而Semi-supervised learning 又分为两种，Transductive learning （转导/推论推导）和 Inductive learning（归纳推理）

Transductive learing: unlabeled data is the testing data. 即这里用来训练的 $\{x^u\}_{u=R}^{R+U}$ 就是来自测试数据集中的数据。（只使用他的feature，而不使用他的label！）
Inductive learning: unlabeled data is not the testing data.即用来训练的 $\{x^u\}_{u=R}^{R+U}$ 不是来自测试数据集中的数据，是另外的unlabeled data。
这里的使用testing data是指使用testing data的feature，即unlabel而不是使用testing data的label。

为什么会有semi-supervised learning？

Collecting data is easy, but collecting “labelled” data is expensive.

【收集数据很简单，但收集有label的数据很难】
We do semi-supervised learning in our lives

【在生活中，更多的也是半监督式学习，我们能明白少量看到的事物，但看到了更多我们不懂的，即unlabeled data】

Why Semi-supervised learning helps

为什么半监督学习能帮助解决一些问题？

如上图所示，如果只有labeled data，分类所画的boundary可能是一条竖线。
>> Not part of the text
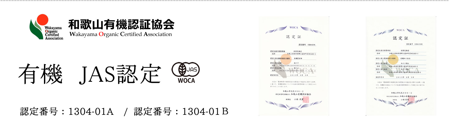 和歌山有機認証協会 WOCAより有機JAS認証をうけております。

但如果有一些unlabeled data（如灰色的点），分类所画的boundary可能是一条斜线。

The distribution of the unlabeled data tell us something.

半监督式学习之所以有用，是因为这些unlabeled data的分布能告诉我们一些东西。

通常这也伴随着一些假设，所以半监督式学习是否有用往往取决于这些假设是否合理。

Semi-supervised Learning for Generative Model

Supervised Generative Model

在这篇文章中，有详细讲述分类问题中的generative model。

给定一个labelled training data $x^r\in C_1,C_2$ 训练集。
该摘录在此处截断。